McDonald Institute for Archaeological Research, University of Cambridge, UK
gb314@cam.ac.uk
Robin Torrence,
Australian Museum, Sydney
Robin.Torrence@australian.museum
Ezra Zubrow
University of Buffalo SUNY
ezubrow@gmail.com
The death of Colin Renfrew in December 2024 robbed archaeology of one of its intellectual titans. He was one of the first to recognise the significance of calibrated radiocarbon chronologies to generate new prehistories throughout the world. He pioneered new ways of thinking about the explanation of social and political change in the past, within and beyond the prehistoric Aegean that was his enduring passion. He demonstrated the power of archaeological theory and archaeological science working in tandem to enrich understanding of past societies, from dating to exchange systems to systems models to archaeogenetics. With characteristic energy and optimism he built collaborations with other disciplines to explore archaeological ‘intangibles’ like art, cognition and language. In deed and word he was one of the most effective advocates of the power of world archaeology to enrich people’s lives, and of calling out threats to it, such as the illicit antiquities market.

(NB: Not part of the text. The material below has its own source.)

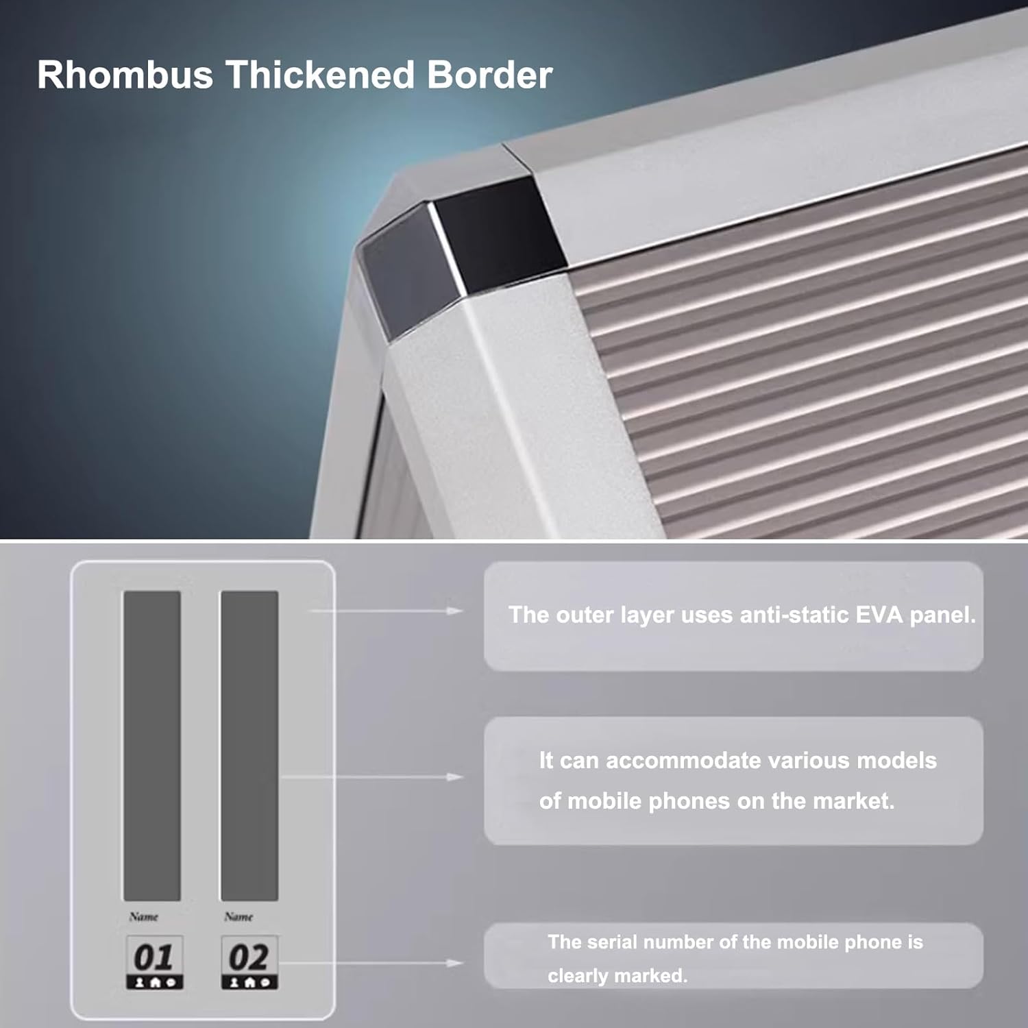 【Product Description】☂ Are you concerned about students' distractions caused by mobile phones during class? Our mobile phone locker is the perfect solution, accommodating up to 24 devices at once, making it highly practical for any educational environment. The spacious slots are designed to fit all smartphone models, ensuring no device is left behind.☂ Specifically crafted for classrooms and offices, this mobile phone lock box promotes a focused learning atmosphere by securely storing students' phones. Teachers can deliver lessons without interruptions, and after class, students will easily retrieve their devices. This mobile phone storage solution is an essential tool for enhancing classroom management.☂ Made from premium aluminum alloy and plexiglass, this mobile phone storage box features protective pearl cotton to minimize wear and tear on devices. Its innovative heat dissipation mesh helps regulate temperature, ensuring devices remain safe and functional.☂ With its modern design, this mobile phone locker is versatile enough for various settings, including offices, meeting rooms, and mobile phone repair shops. It's not just practical—it's stylish too, making it an attractive addition to any space.☂ We take great care in packaging your mobile phone locker. Each product is surrounded by cushioning materials to prevent damage during transit, ensuring it arrives in perfect condition.【Product Parameters】△ Product Name: Password Mobile Phone Safe△ Material: Aluminum Alloy△ Installation Type: Wall-mounted/Desktop△ Number of Slots: 24/36/48/60/72△ Dimensions: 28 cm x 21 cm x 40 cm (Length x Width x Height)△ Color: Silver【Packing List】Mobile Phone Storage Box *1

The session will explore Colin Renfrew’s extraordinary contributions to the development of archaeological theory, method and synthesis and if and how they continue to impact on archaeological thinking and practice, in the knowledge that he revelled in robust debate and would certainly not have wanted an anodyne series of eulogies!
Papers:
Introduction: Treading in Giant Footsteps
Graeme Barker, McDonald Institute for Archaeological Research, University of Cambridge, UK
We begin the session as we shall end it, celebrating Colin Renfrew’s profound impact as a teacher and mentor. As a result of meeting him when he was a Junior Research Fellow at St John’s College Cambridge, about to go to his first academic post at Sheffield University, I found myself the next day (!) abandoning my undergraduate degree in classics and switching to archaeology. As a student I excavated on his Greek Neolithic site Sitagroi. On graduating, with his encouragement I embarked on my Cambridge PhD on Italian prehistory at the British School at Rome. Three years later I was appointed to the lectureship at Sheffield University that Colin had vacated on getting his Chair at Southampton University. And in 2004, after academic positions at the British School at Rome and the University of Leicester, against all the odds I found myself back in Cambridge as his successor as Disney Professor of Archaeology and Director of the McDonald Institute for Archaeological Research. Along the way we enjoyed many debates and disagreements on topics, including ones on which we shall be assessing his contributions in the rest of this session: on transitions to farming, on the emergence of civilisation, on archaeology and language; and on the ‘human revolution’. The mess and muddle of human decision-making that I often perceived in the archaeological record contrasted with the clarity of vision—and terrifying eloquence in its support—that he brought to his own visions of the past, but he always remained warm and generous in his support. We are all the poorer for his passing.
Colin Renfrew and the (Ongoing) Radiocarbon Revolution
Chris O. Hunt, School of Biological & Environmental Sciences, Liverpool John Moores University, UK
Paula Reimer, School of Natural and Built Environment, Queens University Belfast, UK
Graeme Barker, McDonald Institute for Archaeological Research, University of Cambridge, UK
Radiocarbon dating, since its initiation in 1950, has completely revolutionised our understanding of timescales within the last 50,000 years of Earth history. In archaeological thought, the first application of radiocarbon dating initiated a paradigm shift, because dating enabled timescales, and thus ideas based on previous attempts at inferring age, to be reassessed, but this was resisted by many voices. Further reassessment followed the development of the calibration of radiocarbon dates, and Colin Renfrew played a leading part in building the new paradigm, with his manifesto Before Civilisation: The Radiocarbon Revolution and Prehistoric Europe, a call to arms for a new wave of European archaeologists enthused by the possibilities of investigating cultural change independent of culture history’s reliance on cross dating. Here, we reflect on the context of the book, Renfrew’s contribution to the ‘Radiocarbon Revolution’ in archaeological thought, and the continuing impact of developments in radiocarbon calibration, and the use of radiocarbon chronologies, on our understanding of the human past.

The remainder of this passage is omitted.